М.Б.: А можно то, о чём вы только что сказали, на каком-то примере. Если я стою перед картиной, то каким образом я какие-то ответы себе найду? Потому что я, возможно, недотягиваю до вашего уровня.

М.С.: Произведение искусства требует навыка своего прочтения. Это совершенно особая дисциплина, и, когда люди поступают на исторический факультет на отделение истории искусств, у них есть особый предмет, по которому сдают зачёт, он называется "Описание и анализ памятника искусства". 

М.Б.: Марина Ильинична, вы нам все концы обрубаете. Что же, не идти нам теперь на выставку Рафаэля?

М.С.: Идти. Внимательно смотреть. В изобразительном искусстве очень важна, во-первых, тема, а во-вторых, как художник размещает своих героев на поверхности холста, как соотносятся его фигура с главными героями и второстепенными лицами, как они общаются, каково действие в картине, если оно есть, а может его и не быть, может быть, просто изображена ситуация такого пребывания, и как соотносятся эти фигуры с окружающим пространством: есть ли там пейзаж или его нет.

М.Б.: Это всё какие-то тайные знаки получаются?

М.С.: Это не тайные знаки, это всё совершенно открыто нашему зрению, нужно только обратить на это внимание и попытаться дать себе отчёт в том. Например, преобладает ли изображённая фигура Богоматери, допустим, над пространством, или пространство её поглощает, оно больше и шире её.

М.Б.: Но если она преобладает — это понятно. Это читаемо и понятно мне. А если всё-таки поглощает, как я это должна понять?

М.С.: Это значит, что в той концепции, которую излагает художник, не человек в центре мира, а кто-то другой и мир центрируется, группируется вокруг какой-то другой ценности.

М.Б.: То есть или вокруг, соответственно, Богоматери — значит, человек в центре мира, а если нет, то некто другой. Правильно?

М.С.: Не совсем правильно. Потому что сам образ Богоматери для нас двуедин: это и человек, и Бог. Кстати сказать, этот момент для Возрождения очень важен, потому что по существу историческая функция Возрождения как эпохи как раз состояла в том, чтобы найти единство человеческого и божественного.

М.Б.: А это не наказуемо было, случайно, — так замахиваться-то?

М.С.: Нет, не наказуемо. Это был основной нерв эпохи.
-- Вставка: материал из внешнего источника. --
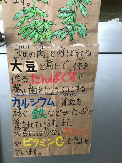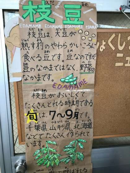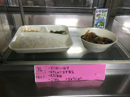 今日の給食の献立は、マーボーなす、もやしのごま酢あえ、枝豆、ごはん、ぎゅうにゅうでした。
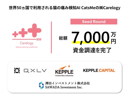 猫の痛み検知AI「CatsMe(キャッツミー)」の開発を行う株式会社Carelogy(本社:東京都中央区, 代表取締役:崎岡豪、以下当社)は、昨年より実施していたシードラウンドにおいて、QXLV(クオンタムリープベンチャーズ)、株式会社ケップルキャピタル、澤田インベストメント株式会社、その他個人投資家を引受先とするJKISS型新株予約権の発行による資金調達を完了しました。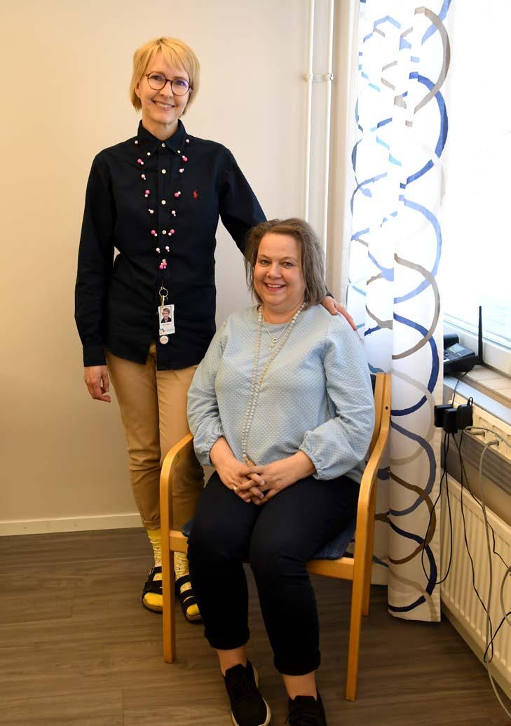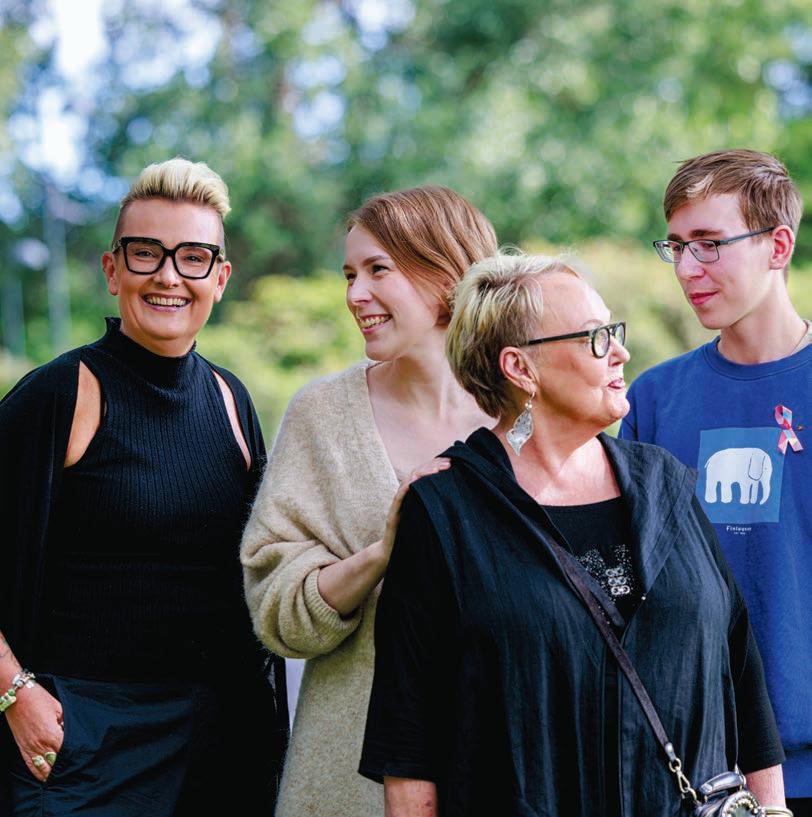Sairastaminen teki loven talouteen, mutta ei kaatanut yritystä. Merjalla oli mahdollisuus jatkaa työtään, kun hoidot olivat takana ja voimat palanneet. Työn määrää hän on parannuttuaan pyrkinyt hiemaan säännöstelemään. Vaikka työ ja asiakkaat ovat hänelle tärkeitä, elämässä on muutakin, jolle on annettava aikaa. Viikkojen yhtämittaisia lomia hän ei edelleenkään harrasta. Mahdollisuus järjestää viikon matka toteutui kesällä 2025. Hän matkasi pojan kanssa Tanskaan, jossa hän asui pari vuotta nuoruudessaan. Mikä auttoi jaksamaan? – Olen tukeutunut lähipiiriini. Olen mennyt eteenpäin vaihe kerrallaan enkä ole kokenut kaipaavani esimerkiksi mitään järjestettyä ryhmä- tai muuta toimintaa. Minulla on ollut vertaistukea ja mahdollisuus jutella huolistani myös terveydenhuollon ammattilaisystävieni kanssa. On kuitenkin hienoa, että erilaista tukea on mahdollista saada sekä sairaalassa että syöpäyhdistyksen kautta. Monet hyötyvät mahdollisuuksista käydä kokemuksiaan läpi ja saada vertaistukea ryhmistä. Oma reseptini oli kai se, että halusin elää mahdollisimman normaalia elämää koko ajan. Siihen oli tietenkin sovitettava kaikki syövän ja sen hoitojen mukanaan tuomat asiat, kuten aikataulut ja esimerkiksi hiusten lähtö. Merja Sahlberg on viehättävä ja huoliteltu nainen. Peruukin hän hankki jo hyvissä ajoin ennen hiusten lähtöä ja valitsi sen huolella. Se ei kuitenkaan tuntunut ihan omalta. Lopputulos oli muiden mielestä vähintään onnistunut. Merja oli kuitenkin helpottunut, kun omien hiusten aika lopulta koitti. Alun hento kiharrus on vaihtunut tyylikkäästi raidoitettuihin suoriin hiuksiin. Omat hiukset ovat nyt takaisin. – 2020-lukuni alkupuoli oli raskasta aikaa. Koronan lisäksi iäkkäät läheiset –äiti ja läheinen täti, josta olin paljon huolehtinut – kuolivat, ja sitten sairastuin. Kun olen menetyksistä päässyt eteenpäin, on vähän voittajaolo. Hoitojen jälkeisen ensimmäisen kesän olin onnen huumassa toipumisestani. Jostain sitä voimaa kaiken kestämiseen vain tuli. Tunnistan kyllä itsessäni sen, että saatoin joskus Tyksissä esittää vähän Risto Reipasta tyyliin ”vanha hoitaja kyllä pärjää”, olenhan aiemmin itsekin työskennellyt syöpäklinikalla. Falskata ei kuitenkaan tarvinnut. Sain kaiken sen avun, jota tarvitsin. – Pahinta tuntui aina olevan odottaminen ja tulevan pelko. Kun hoidoissa edettiin, alkoi kehittyä luottamus siihen, että eteenpäin mennään.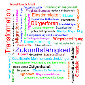 Somit gab die Auftaktkonferenz vor allem auch eine Übersicht über zahlreiche Ansätze and Anlässe für die weitere Diskussion der Zukunft Europas, welche in der beistehenden Wortwolke gesammelt und dargestellt wurden. Die Europa-Union NRW plant, diese Impulse aufzunehmen und in weiteren Veranstaltungen in Kooperation mit ihren Kreisverbänden dann die verschiedenen thematischen Schwerpunkte näher zu betrachten.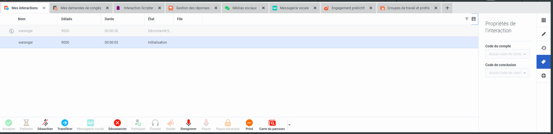 Remarque : le code de conclusion que vous visualisez ou attribuez ne s'applique qu'au segment d'interaction créé lorsque vous étiez connecté à l'interaction.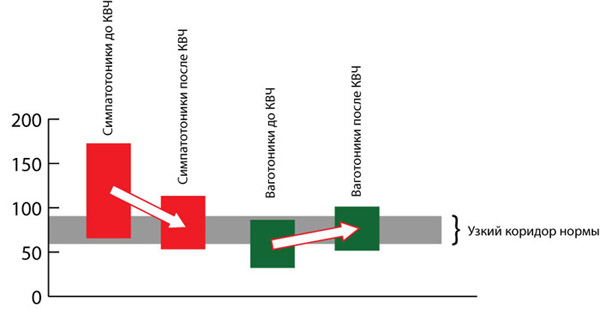 Кроме этой тенденции по перераспределении энергии в каналах, была обнаружена еще одна важная закономерность. Участников исследования разделили на две группы в зависимости от конституциональной предрасположенности к симпатотонии или ваготонии. Затем было выявлено, что после КВЧ-воздействия у симпатотоников уменьшился индекс напряжения (IN), а у вагатоников он увеличился.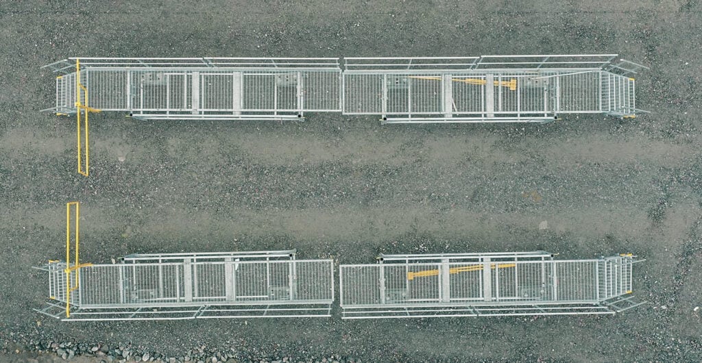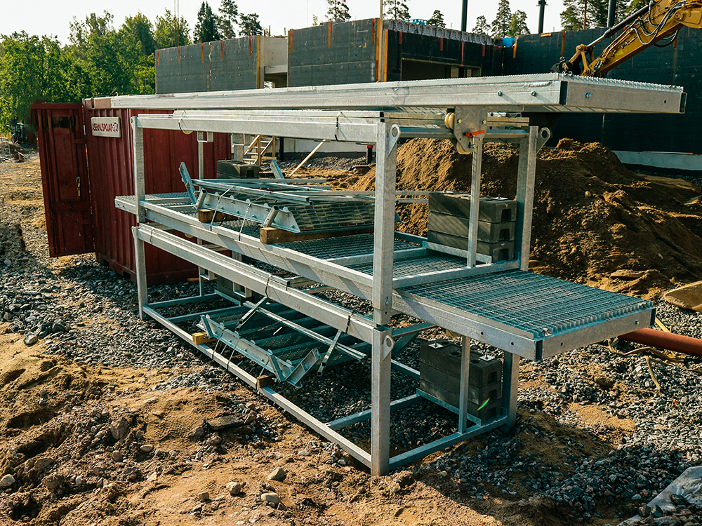 Elementtipurkutelineen kuljetus on helppoa, kun porras ja kaiteet sijoitetaan telineen alle kuljetuksen ajaksi, ja neljä varusteineen koottua moduulia mahtuu 6 metriä pitkälle lavalle.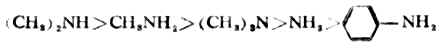 在水溶液中,脂肪胺一般以仲胺的碱性最强。但是,无论伯、仲或叔胺,其碱性都比氨强。芳香胺的碱性则比氨弱。氨、甲胺、二甲胺、三甲胺和苯胺的碱性强弱次序为: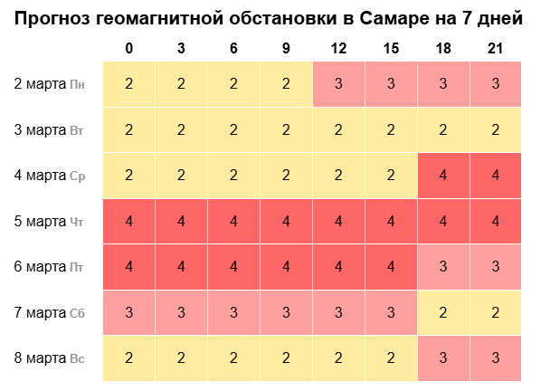 Первая рабочая неделя весны в Самарской области обещает быть непростой для метеочувствительных людей. С 4 по 7 марта ожидается затяжное геомагнитное возмущение, которое затронет самочувствие многих горожан.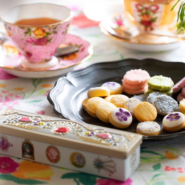 「目にもご馳走」ふたを開けるとそこにはいろとりどりのかわいいクッキー。一面に咲く花をイメージして一枚一枚丁寧に焼き上げました。お口に入れる前に少しの間、目でも味わってください。

Дело в том, что Средневековье, безусловно, утверждало преимущество Бога над человеком, над миром. Мир ориентирован был на надмирную личность бога, бесконечную, а человек — как говорил о нём Бернард Клервоский — пред Богом трупу подобен. Вот тот перелом, который учат все в школе от Средневековья к Возрождению, он заключался вовсе не в том, чтобы отрицать всё, что Средневековье нашло. Напротив, всё это Возрождение берёт, оно ищет единство Средневековья и античности, которую оно открыло. Вот как соединить это было? От античности оно взяло принцип подражания природе, то есть изображать то, что видимо. Об этом писал и теоретик Возрождения Альберти. Что видим, то надо изображать. А Средневековье стояло на совершенно других позициях. Икона — это не изображение видимого, это воплощённое в знаках умозрение, "умное зрение", то есть про икону говорили создатели иконописи: это некий знак, это нисхождение к слабости понимания нашего, потому что мы не можем представить себе трансцендентные ценности, то есть то, что находится на небесах, — там оно бесконечно и невоплотимо. Мы не можем его себе представить без какой-то помощи, икона — это помощь.

М.Б.: Марина Ильинична, правильно ли будет сказать тогда, что всему тому, как это переносить на полотна, и обучались в школах тогда? То есть не просто живописи обучались, а ещё тому, как интерпретировать то, что невидимо глазу.

М.С.: Так вот искусство живописи так и понималось, причём оно в эпоху Возрождения — новое искусство. Они его осознают как новое искусство. До тех пор для написания иконы имелись свои правила, Возрождение создаёт свои правила, потому что главное достижение Возрождения в истории искусства — это создание картины. До Возрождения картины не было.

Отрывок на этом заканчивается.